The count was running towards the far edge of the platform. Whatever the mood of the people, there was no guarantee that he might not yet escape if he could lose himself within the crowds on the square. Stefan was determined that would not happen. As Rosporov prepared to jump clear, Stefan flung himself onto the platform, bringing down the smaller man. For a moment he had Rosporov pinned down, seemingly at his mercy. The count looked up at Stefan, his blue eyes radiating a cold hatred.
“I put a price upon everything,” he spat at Stefan. “And, I promise you, the taking of my life will cost you dear.” Stefan had no desire to swap words with Rosporov. But, as he reached for his knife, a blow from out of nowhere punched into his stomach, sending the weapon spinning away.
Rosporov hit him again, hit him with a force that Stefan would scarcely have believed possible. Stefan reached for his sword, but Rosporov anticipated him. The blade was forced from his grasp. Stefan launched himself upon Rosporov before he could aim another blow. But this was no longer the slight, almost frail man of only moments before. Now Stefan found himself locked in a murderous dance with a fury who seemed to draw down fresh energy even as Stefan’s exhausted body weakened. Rosporov’s skewed, seemingly puny arm wound itself around Stefan’s throat, and began to lock tight.
“Never trust your eyes to tell you the truth,” Rosporov taunted him. “The world is full of deceptions.”

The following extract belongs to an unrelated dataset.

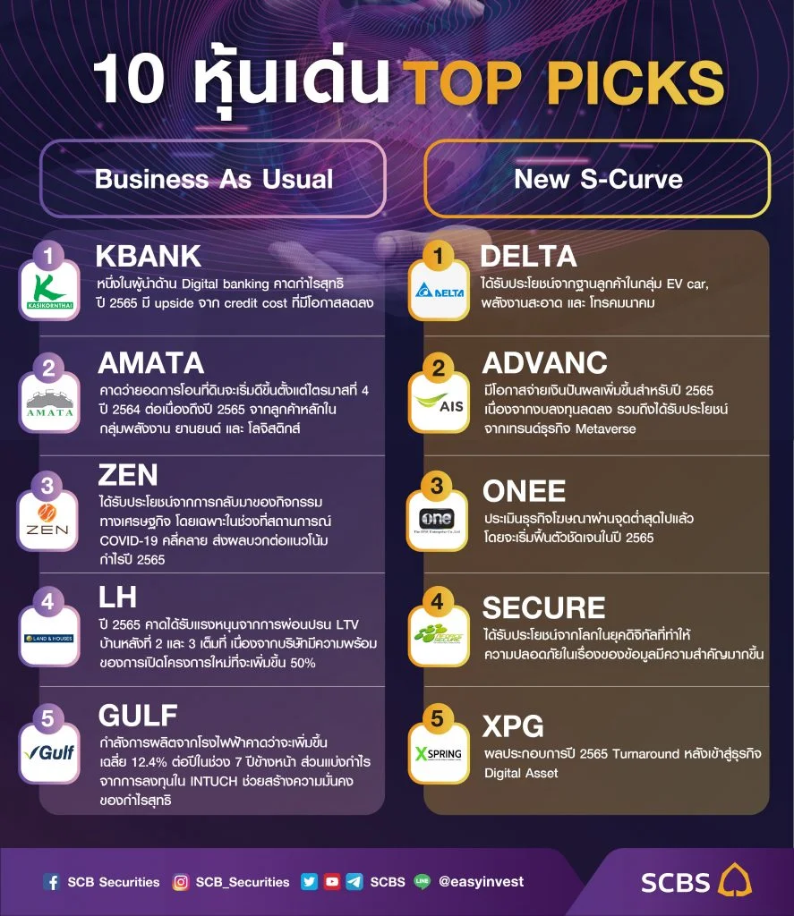 โดยกลุ่มอุตสาหกรรมที่โดดเด่นในปี 65 มีการฟื้นตัวของเศรษฐกิจและเทรนด์โลกสนับสนุน คือ กลุ่มพาณิชย์ กลุ่มสื่อสาร กลุ่มประกัน กลุ่มยานยนต์ และกลุ่มธนาคาร

Stefan levered himself free of the choking embrace, only for the count to strike him a third time; a hammer-punch to the chest that knocked Stefan halfway across the platform. Now Rosporov had Stefan’s sword. Smiling, he closed in on his victim.
Stefan twisted his body away as Rosporov scythed down with the sword, wielding the heavy blade as if it carried no weight at all. The steel bit into the wooden frame of the platform, an inch from Stefan’s face. He aimed a kick at Rosporov and caught him square in the gut, but it seemed only to feed his manic rage. Stefan regained his feet. Rosporov aimed the sword again, and this time made contact. Stefan felt the numb chill of the steel cut between his ribs. He staggered back, blood already flowing fast where his hand was clamped against the wound.
Rosporov surveyed his work with satisfaction and positioned himself to strike one final blow. Stefan looked around him. The dagger was gone, Rosporov had his sword. He took a step back and fastened both hands upon the only weapon he had left.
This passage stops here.